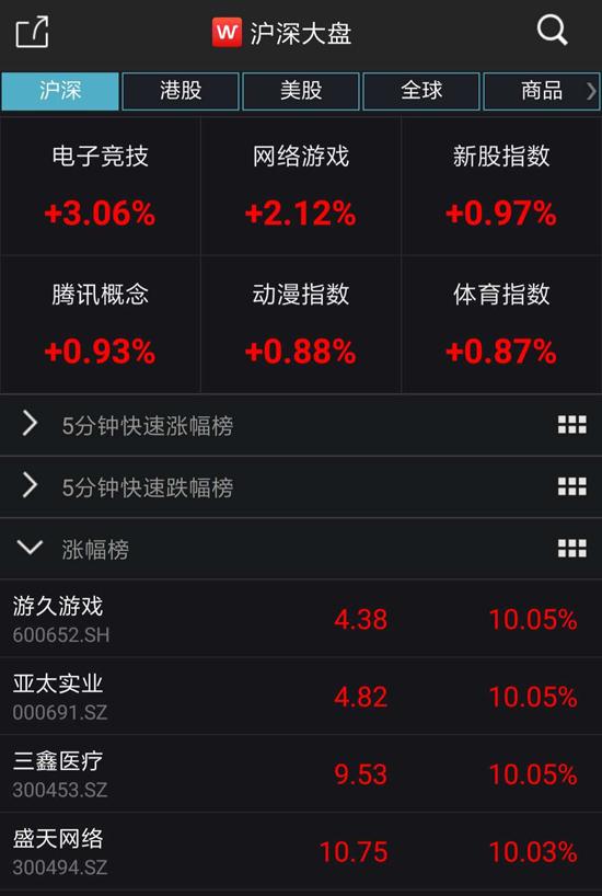 在消息發(fā)出后,游戲板塊集體爆發(fā)。從A股方面來看,截至周五(11月21日)收盤,在大盤整體低迷下跌0.79%的背景下,Wind電子競(jìng)技指數(shù)和網(wǎng)絡(luò)游戲指數(shù)兩大概念板塊逆勢(shì)上攻,截至收盤分別上漲3.06%與2.12%,其中,游久游戲、盛天網(wǎng)絡(luò)、游族網(wǎng)絡(luò)、中青寶等漲停,完美世界上漲超6%,昆侖萬維上漲近3%。
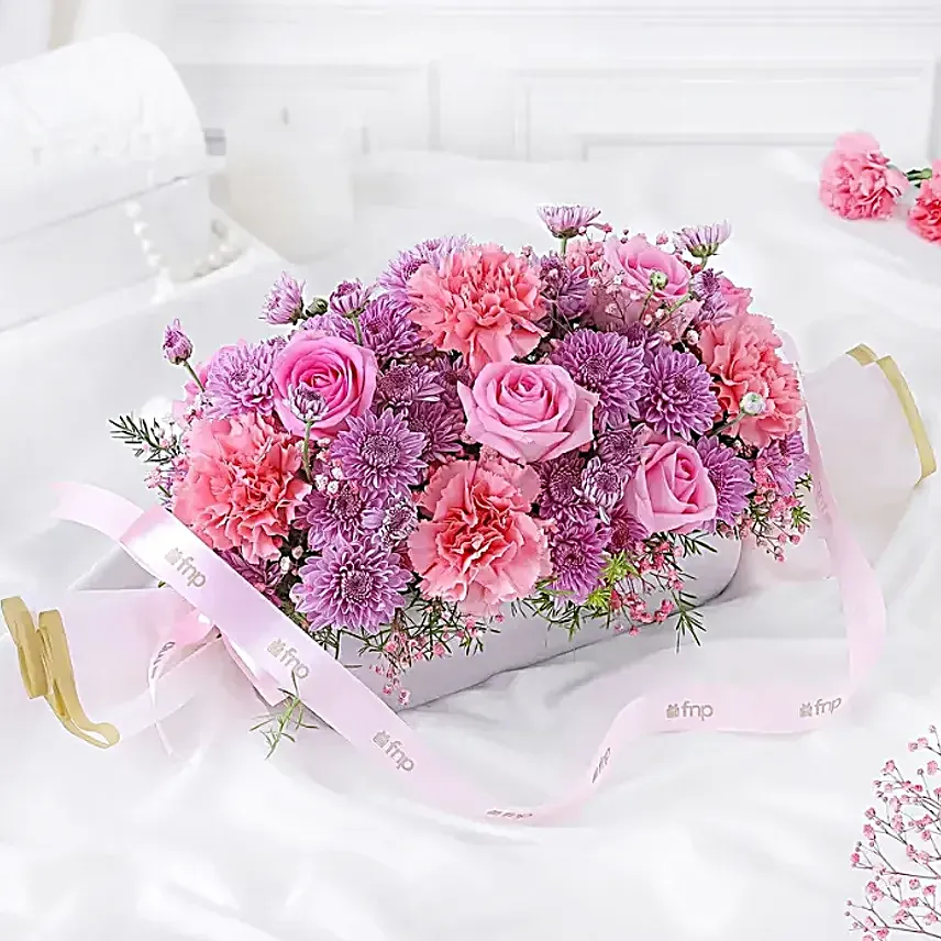 The Pastel Charm Blooms & Pineapple Cake Combo features a breathtaking arrangement of pastel-colored roses, carnations, and chrysanthemums — styled beautifully with satin ribbons. Paired with a moist, creamy pineapple cake decorated in a vibrant watercolor design, this combo speaks the language of love effortlessly.
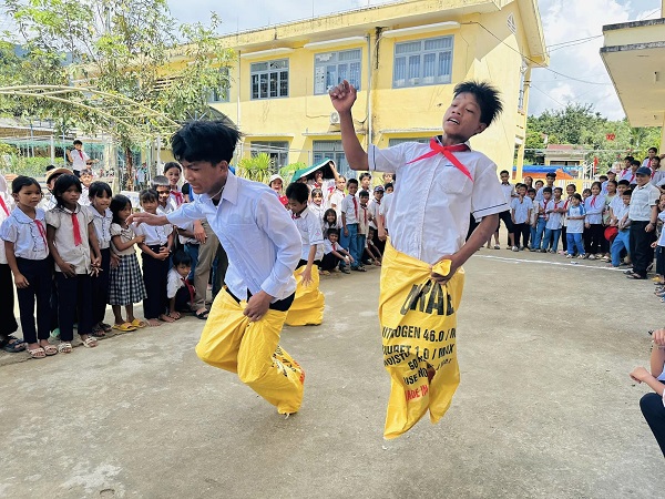 Bên cạnh đó, với mong muốn mang lại một Tết Trung thu ấm áp, thấm đượm nghĩa tình và tạo sân chơi lành mạnh, bổ ích cho các em thiếu nhi vùng cao, sáng ngày 23/9, Ban Tổ chức đã tổ chức các trò chơi và “Bữa trưa yêu thương” cho 700 em học sinh Trường Tiểu học THCS Sơn Bua, huyện Sơn Tây.

EXERCISE OBJECTIVE:
If a picture falls within the lines from the one containing "The Pastel Charm" through the end of the material, leave it out while repeating those lines exactly.

ANSWER SECTION:
 The Pastel Charm Blooms & Pineapple Cake Combo features a breathtaking arrangement of pastel-colored roses, carnations, and chrysanthemums — styled beautifully with satin ribbons. Paired with a moist, creamy pineapple cake decorated in a vibrant watercolor design, this combo speaks the language of love effortlessly.
 Bên cạnh đó, với mong muốn mang lại một Tết Trung thu ấm áp, thấm đượm nghĩa tình và tạo sân chơi lành mạnh, bổ ích cho các em thiếu nhi vùng cao, sáng ngày 23/9, Ban Tổ chức đã tổ chức các trò chơi và “Bữa trưa yêu thương” cho 700 em học sinh Trường Tiểu học THCS Sơn Bua, huyện Sơn Tây.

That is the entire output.